Dort, wo früher die alte Kegelbahn war, bevor vor etwa zehn Jahren Schiffer das Gebäude für den ersten Pächter umbaute, wurde quer durch den Raum Absperrband gespannt. An der Wand ist ein deutlicher Riss zu erkennen: Ziemlich genau dort, wo die Baugrube beginnt. Schon die Kegelbahn war ein Anbau, wie draußen alte Schiefersteine, gestützt auf eine Betonwand, zeigen. Die offene Tür zur Küche gibt den Blick frei auf eine dunkle, verwüstete Küche. Die meisten Einrichtungsgegenstände sind in die Baugrube gerutscht.

Wie soll es jetzt weitergehen? Zunächst müsse die Ursache geklärt werden, sagt der Sterne-Koch. Bis zu einer Wiedereröffnung könnten Monate vergehen: Er sucht bereits ein neues Restaurant, möglichst mit Hotelbetrieb. Insgesamt zählen zehn Köpfe zum Team. Seit acht Jahren ist Penzhorn mit seiner edlen Küche ein feste Größe in der Gastro-Szene im weiten Umkreis. Regelmäßig gibt es Auszeichnungen. Er hatte sich schon vor seiner Lintorfer Zeit in Düsseldorf einen erstklassigen Ruf erarbeitet. Das  stehe nun auf dem Spiel: „Das ist ein riesiger Image-Schaden.“

Die Baugrube für die Erweiterung habe es bereits seit Februar in dieser Form so gegeben. Was dort passiert sein, kann er sich nicht erklären. Könnten Erschütterungen durch die nur ein paar Meter entfernte Güterbahnstrecke zum Einsturz geführt haben? Das zu klären sei Sache der Fachleute. Doch immer, wenn besonders schwere Güterzüge vorbeidonnerten, beginne der Kronleuchter an zu klimpern. Während drinnen über die Zukunft nachgedacht wird, werden draußen schon Szenarien des Wiederaufbaus durchgespielt.

Zu Beginn der Baugrube durchzieht ein tiefer Riss die Ziegelsteinwand.
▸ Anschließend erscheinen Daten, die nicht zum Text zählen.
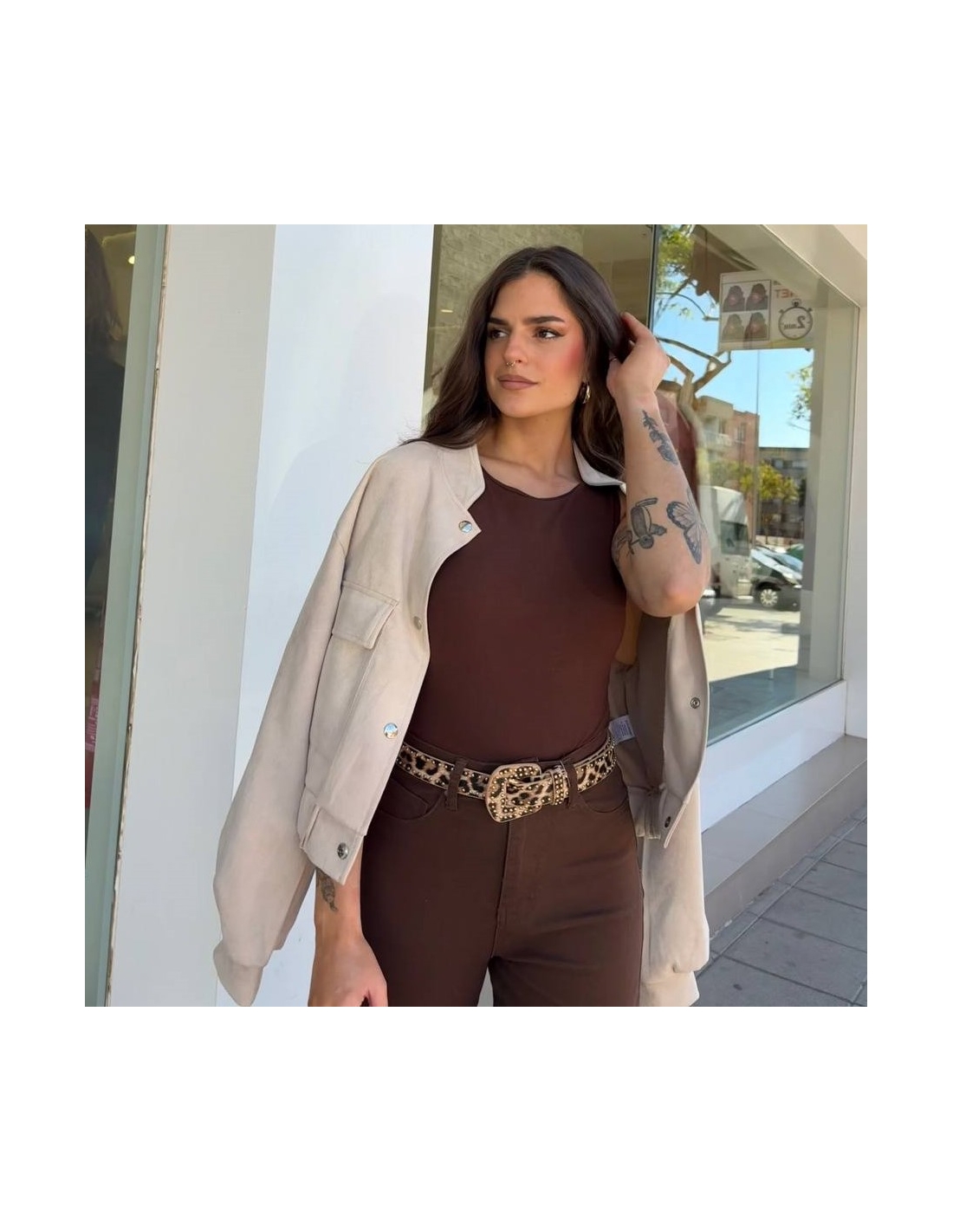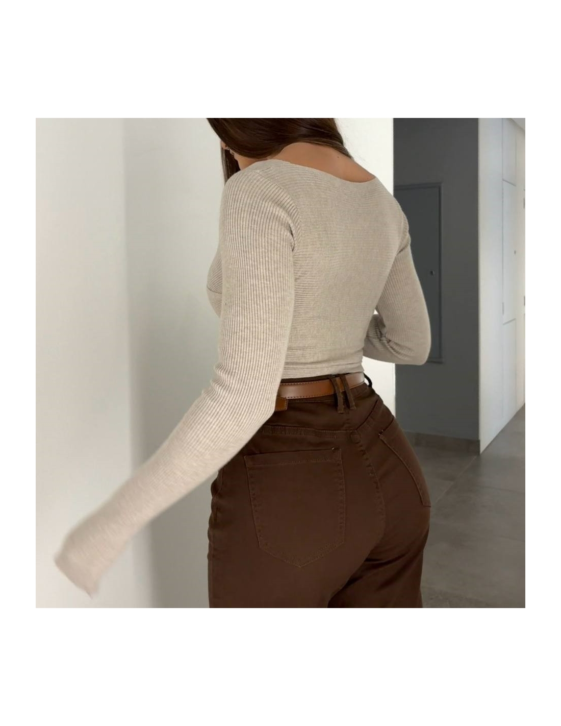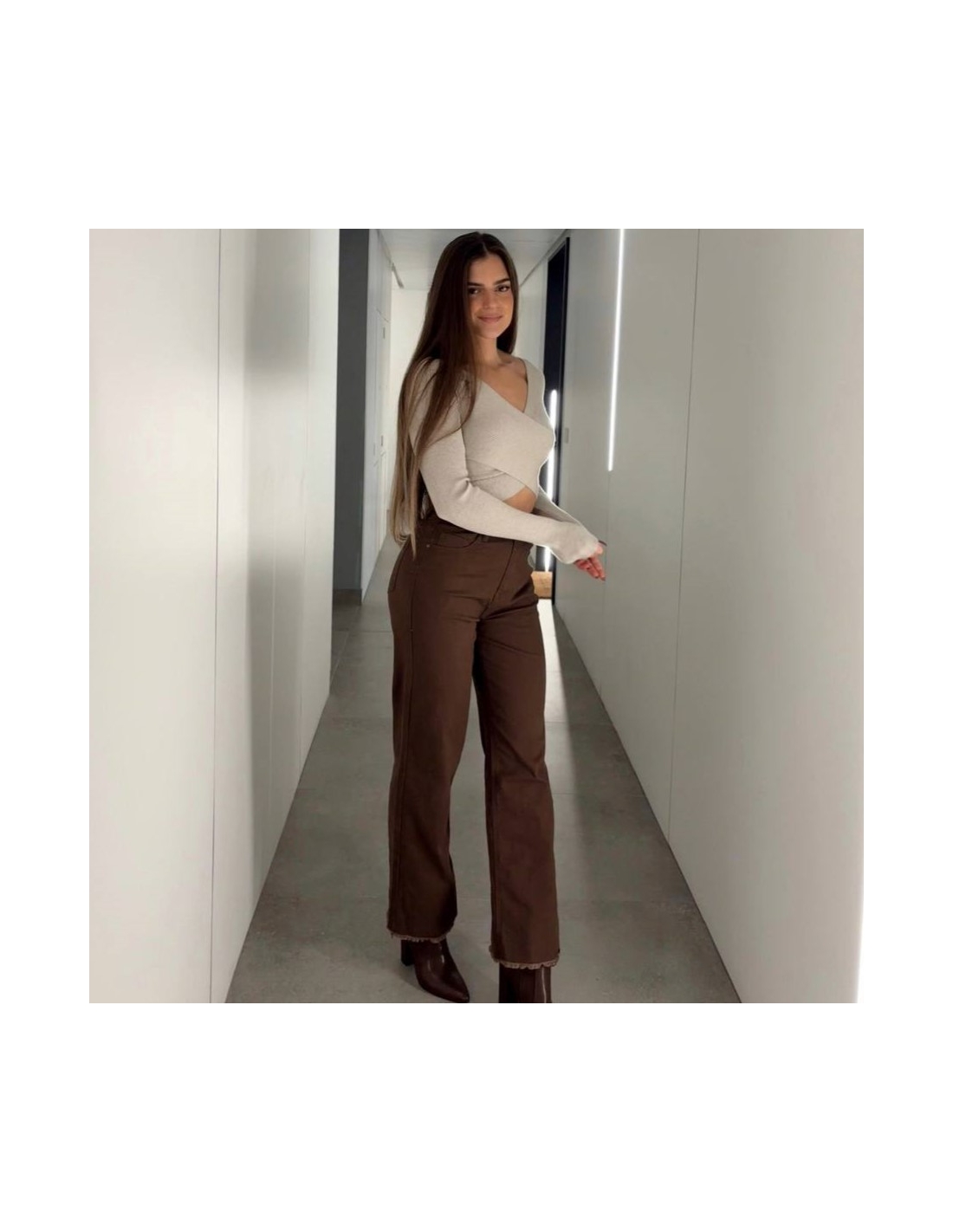 Pantalón campana de tiro alto. Elástico. Con bolsillos. Cierre delantero con cremallera y botón. Cinturón no incluído.

Er geht geht mitten durch ein Fenster: Die gesamte Wand hat sich um etliche Zentimeter gesenkt. Am Ende des Anbaus gab es für die Küche und den Gefrierbereich kein Halten mehr: Sie krachten halb in die Tiefe. Das Dachgeschoss sieht auf den ersten Blick unbeschädigt aus, jedoch hängt die Dachterrasse halb in der Luft. Einige Stühle können sich gerade noch halten. uf der stillgelegten Baustelle geben sich nun die Experten die Klinke in die Hand. Schiffer verweist auf den Architekten und den Statiker: Das sei geprüft und genehmigt worden.